Section 39 of the FDI Act requires the Board to establish safety and soundness standards. Pursuant to section 39, a bank may be required to submit a compliance plan if it is not in compliance with a safety and soundness standard established by guideline under section 39(a) or (b). An enforceable order under section 8 may be issued if, after being notified that it is in violation of a safety and soundness standard established under section 39, the bank fails to submit an acceptable compliance plan or fails in any material respect to implement an accepted plan. This subpart establishes procedures for requiring submission of a compliance plan and issuing an enforceable order pursuant to section 39.

§ 263.302 Determination and notification of failure to meet safety and soundness standard and request for compliance plan.

(a) Determination. The Board may, based upon an examination, inspection, or any other information that becomes available to the Board, determine that a bank has failed to satisfy the safety and soundness standards contained in the Interagency Guidelines Establishing Standards for Safety and Soundness or the Interagency Guidelines Establishing Standards for Safeguarding Customer Information, set forth in appendices D-1 and D-2 to part 208 of this chapter, respectively.
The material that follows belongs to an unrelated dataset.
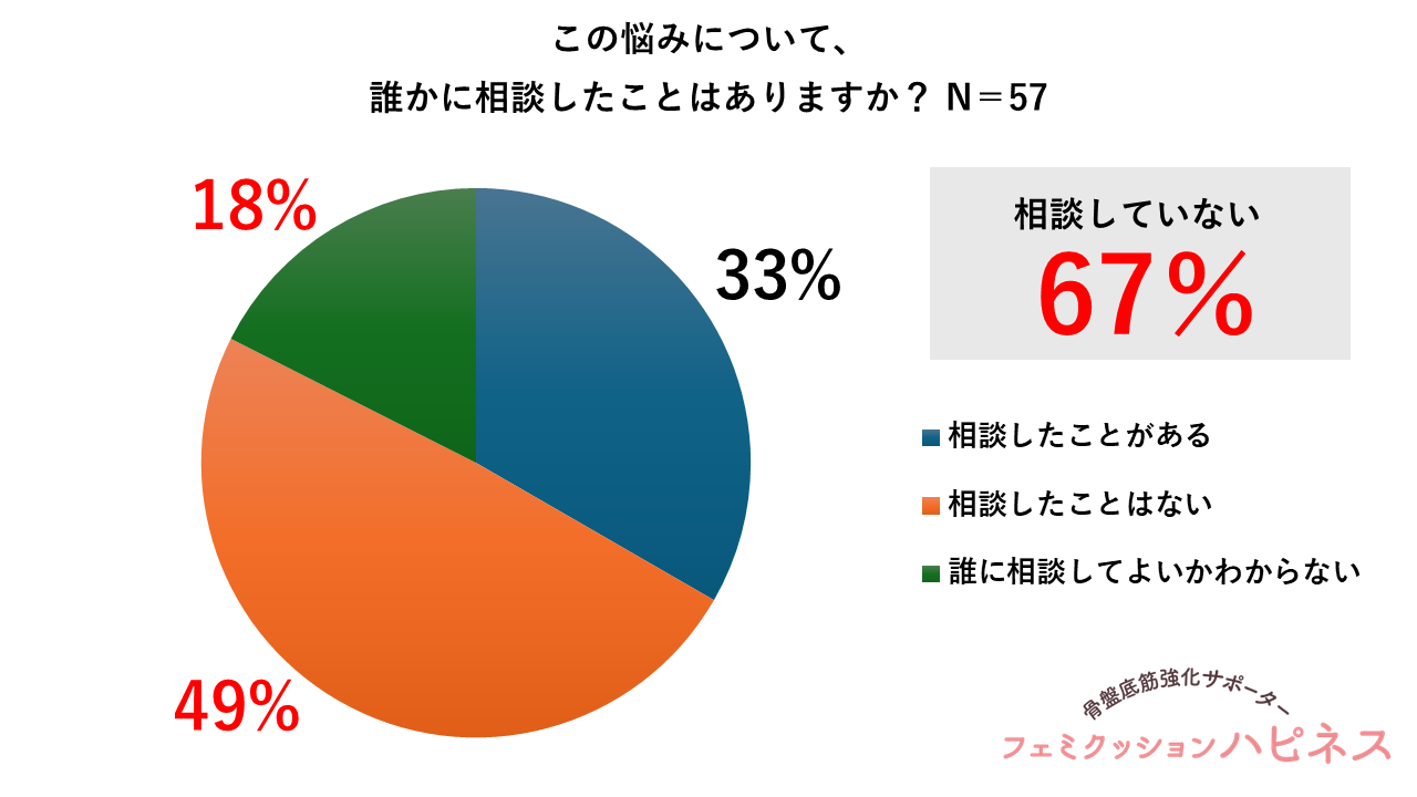 続いて『この悩みについて、誰かに相談したことはありますか?(単一回答)』と質問したところ、「相談したことがない」49.1%(28人)、「誰に相談してよいかわからない」17.5%(10人)と、合わせて約7割(66.6%)が“声を上げられていない”状態であることがわかりました。

(b) Request for compliance plan. If the Board determines that a State member bank has failed a safety and soundness standard pursuant to paragraph (a) of this section, the Board may request, by letter or through a report of examination, the submission of a compliance plan, and the bank shall be deemed to have notice of the request three days after mailing of the letter by the Board or delivery of the report of examination.

[60 FR 35682, July 10, 1995, as amended at 63 FR 55488, Oct. 15, 1998; 66 FR 8637, Feb. 1, 2001]

§ 263.303 Filing of safety and soundness compliance plan.

(a) Schedule for filing compliance plan

(1) In general. A State member bank shall file a written safety and soundness compliance plan with the Board within 30 days of receiving a request for a compliance plan pursuant to § 263.302(b), unless the Board notifies the bank in writing that the plan is to be filed within a different period.

(2) Other plans. If a State member bank is obligated to file, or is currently operating under, a capital restoration plan submitted pursuant to section 38 of the FDI Act (12 U.S.C. 1831o), a cease-and-desist order entered into pursuant to section 8 of the FDI Act, a formal or informal agreement, or a response to a report of examination or report of inspection, it may, with the permission of the Board, submit a compliance plan under this section as part of that plan, order, agreement, or response, subject to the deadline provided in paragraph (a)(1) of this section.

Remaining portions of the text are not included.